Monday, November 06, 2006





For those of you who noted my blogging absence for a couple of days, I was away in the Gulf Islands. Not that I wasn't busy! I spent most of rainy Saturday playing around on paper with a new cockpit design. My idea is to secure a permanent straight flange to the inner side of each hull between where the mast and aft beam fit. To this flange will bolt seat boxes. Between the seat boxes at cockpit floor level I will bridge the seat boxes with a trampoline. This way the boat won't experience the slamming some owners note and as is common in cats with a bridge deck. Issues to be resolved - attachments of components and where to stick the auxilliary. Can I get away with a 5 hp outboard and will it fit in a seat box? I'm thinking of the Honda 5 hp as you can get it with an alternator. I have more head scratching to do!

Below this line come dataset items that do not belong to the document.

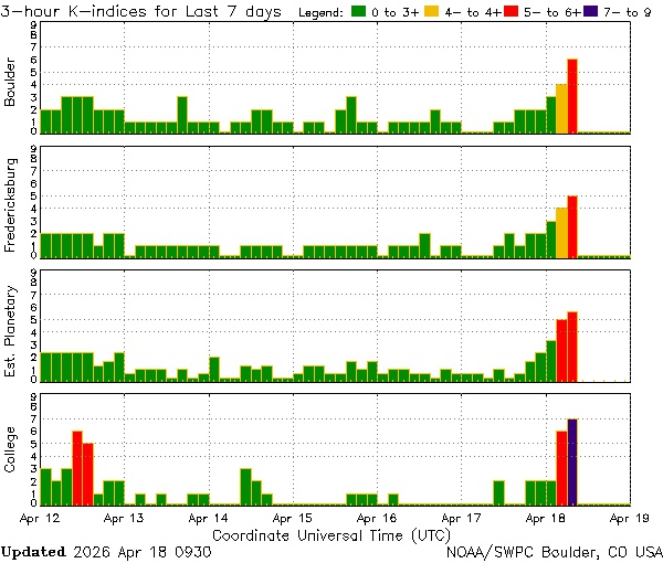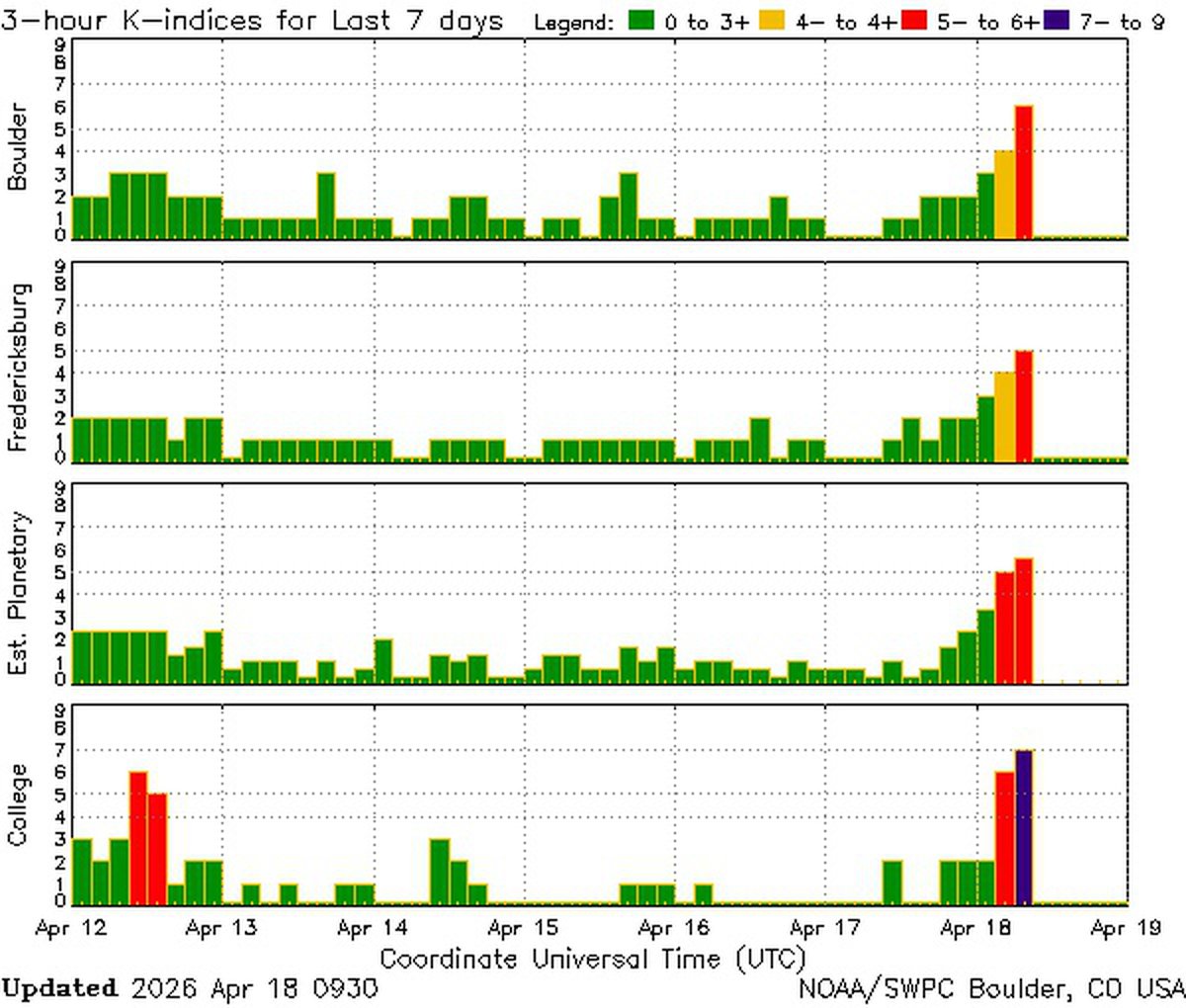 Прогнозы утверждали, что геомагнитная буря 18 апреля начнется в районе полуночи по Москве. В реальности шторм запоздал примерно на половину суток: детекторы NOAA зафиксировали начало шторма незадолго до полудня по Москве.
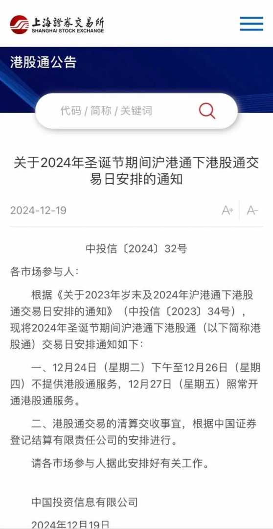 12月19日晚间,沪深交易所官方网站正式发布了其子公司关于2024年圣诞节期间沪深港通下的港股通交易日安排的通知。该通知详细说明了节日期间港股通的交易时间调整情况。
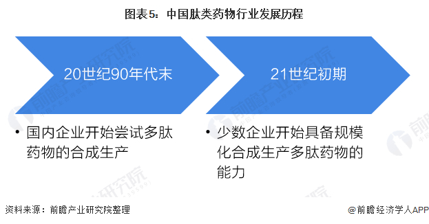 20世纪90年代末,国内企业开始尝试多肽药物的合成生产,然而受技术水平、硬件设备等的限制,我国制药企业还难以实现大规模的多肽药物生产,直到21世纪初期,随着各项技术水平及配套硬件设备逐渐成熟,国内少数企业开始具备规模化合成生产多肽药物的能力。由于多肽药物的技术壁垒相对较高,相应的制备成本和市场价格也相对较高,一定程度上影响了多肽药物在国内的大规模临床应用。
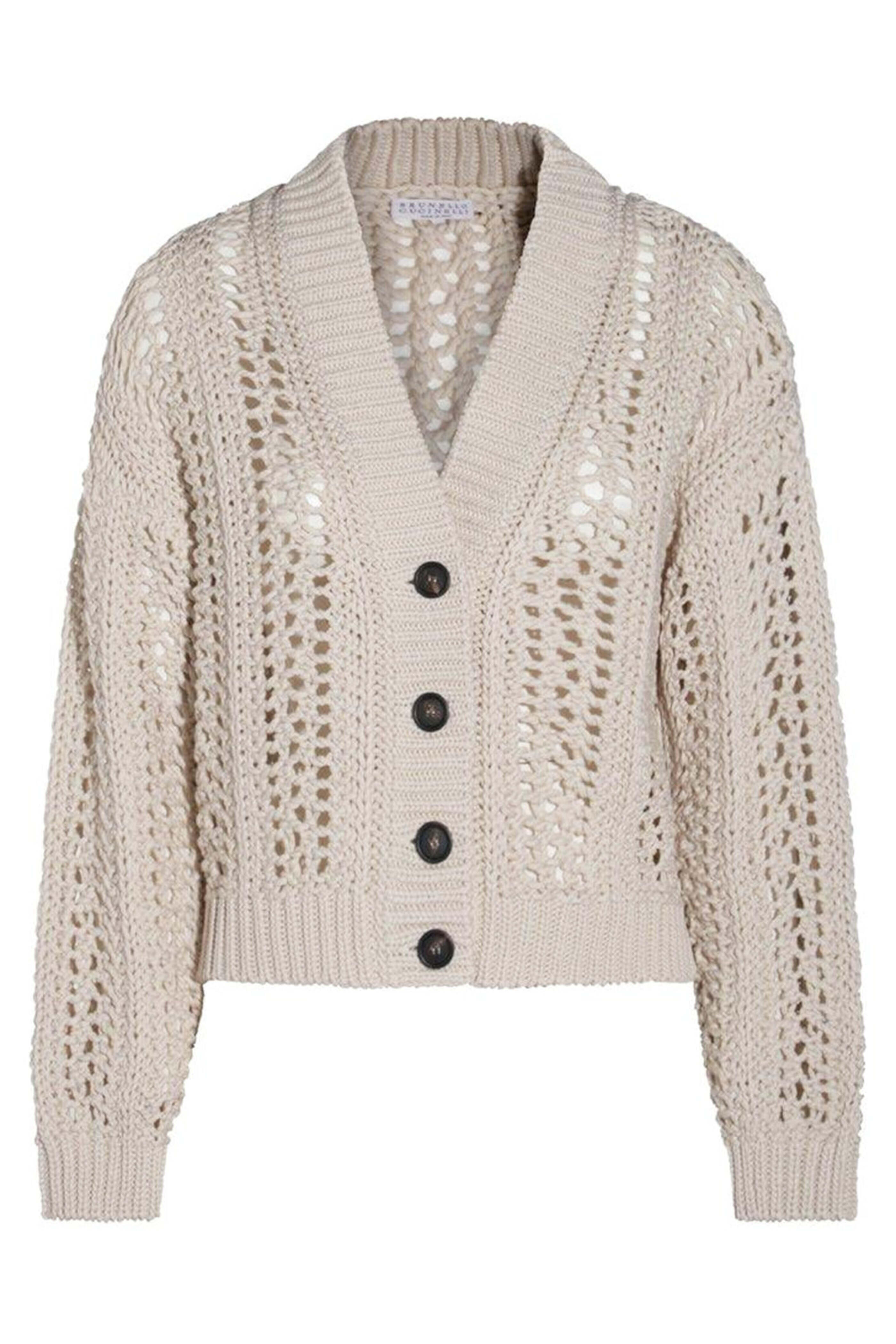 - Brunello Cucinelli White Beige V Neck Cardigan
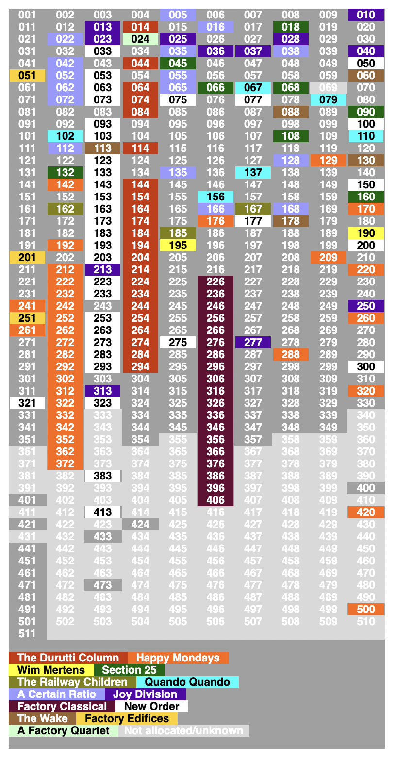 The approach to creating releases was so broad it included a cat that lived at the Hacienda (FAC 191), a lawsuit against the label (FAC 61), and even founder Tony Wilson’s coffin (FAC 501).
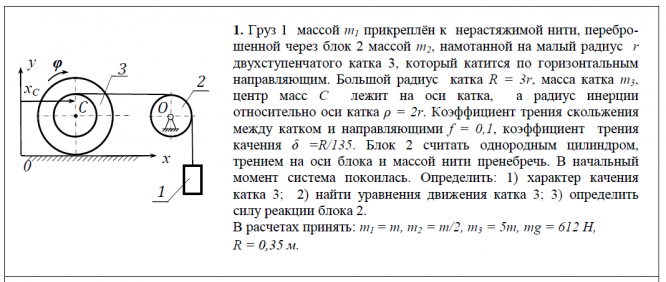 1. Груз 1 массой m1 прикреплён к нерастяжимой нити, переброшенной через блок 2 массой m2, намотанной на малый радиус r двухступенчатого катка 3, который катится по горизонтальным направляющим. Большой радиус катка R = 3r, масса катка m3, центр масс C лежит на оси катка, а радиус инерции относительно оси катка ρ = 2r. Коэффициент трения скольжения между катком и направляющими f = 0,1, коэффициент трения качения δ =R/135. Блок 2 считать однородным цилиндром, трением на оси блока и массой нити пренебречь. В начальный момент система покоилась. Определить: 1) характер качения катка 3; 2) найти уравнения движения катка 3; 3) определить силу реакции блока 2. В расчетах принять: m1 = m, m2 = m/2, m3 = 5m, mg = 612 Н, R = 0,35 м. .
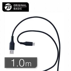- ORIGINALBASIC USB-Ato Type-Cケーブル 1m シリコーン素材 やわらかい 抗菌仕様 SIAA認証 ブラック OB-UCS2AC100-K
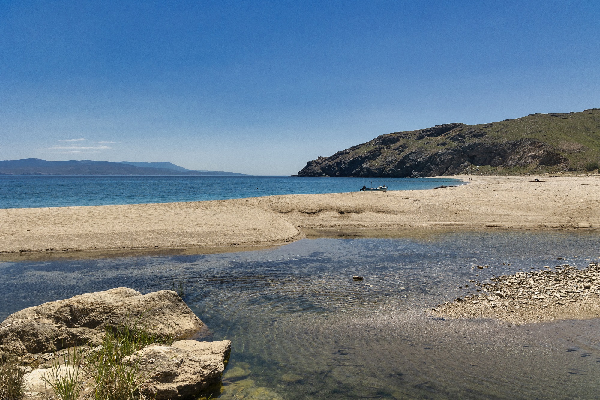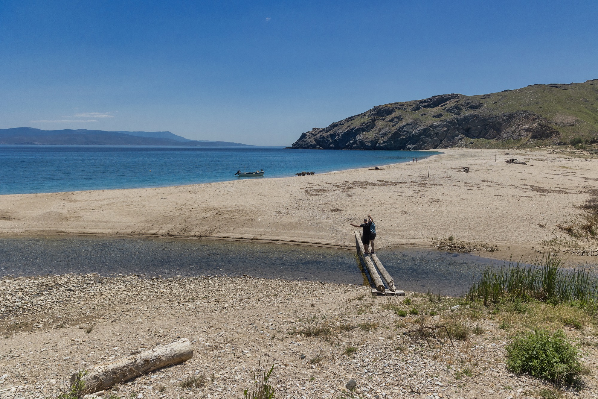 Το τοπίο γίνεται υπέροχο λόγω του ποταμού που εκβάλλει εδώ, ρίχνοντας τα δροσερά, καθαρά νερά του στη θάλασσα. Ομπρέλες και ξαπλώστρες δεν υπάρχουν, αλλά το καλοκαίρι θα δείτε πολλές σκηνές. Αίσθηση ελευθερίας και, γενικά, μια κατάσταση για λίγους –ιδιαίτερα όταν φυσά μελτέμι.

Though it has continued to rain, I got to work this morning as usual. I had to work around the rain which was particularity heavy this morning. So far 28 mm rain today. I am continuing to focus on the bunk boards. I can see that these will take awhile. Last week I epoxy coated both sides with 3 coats each of clear coat. Today I continued the process of shaping and fitting these. I cut them out, fitted them to length. As I had made them a little proud for the space they were to go in by a quarter of an inch so in all, I ended up cutting about half an inch off in length. After cutting them out and getting the length right, I planed the edges so they are a true curve and then beveled the underside, with a planner, to a 45 degree angle. I sanded the faces smooth with 120 grit paper on a random orbital sander and then laid out what I believe is how I want the hatches to be. Mostly I anticipate items in drybags to go under the bunks but I want a place for a small tool box that includes tools and spares and I need to determine exactly where the batteries will go. This raised all sorts of questions. What size tool box? What kind of batteries. Group 27 batteries are common marine batteries but are awkward to move at best so I am leaning towards the smaller batteries used in wheelchairs, golfcarts and to start smaller electric outboards. This may end up costing more but I want to conserve space and I don't want to have to be dragging large batteries in and out of the boat while on my stomach. What will the batteries be for? Mainly the navigation lights, an inverter and maybe a bilge pump though I don't plan on having limber holes between bulkheads so a hand pump will be more useful. For equipment such as the GPS, I'm planning on using NiCads that charge off of a solar panel.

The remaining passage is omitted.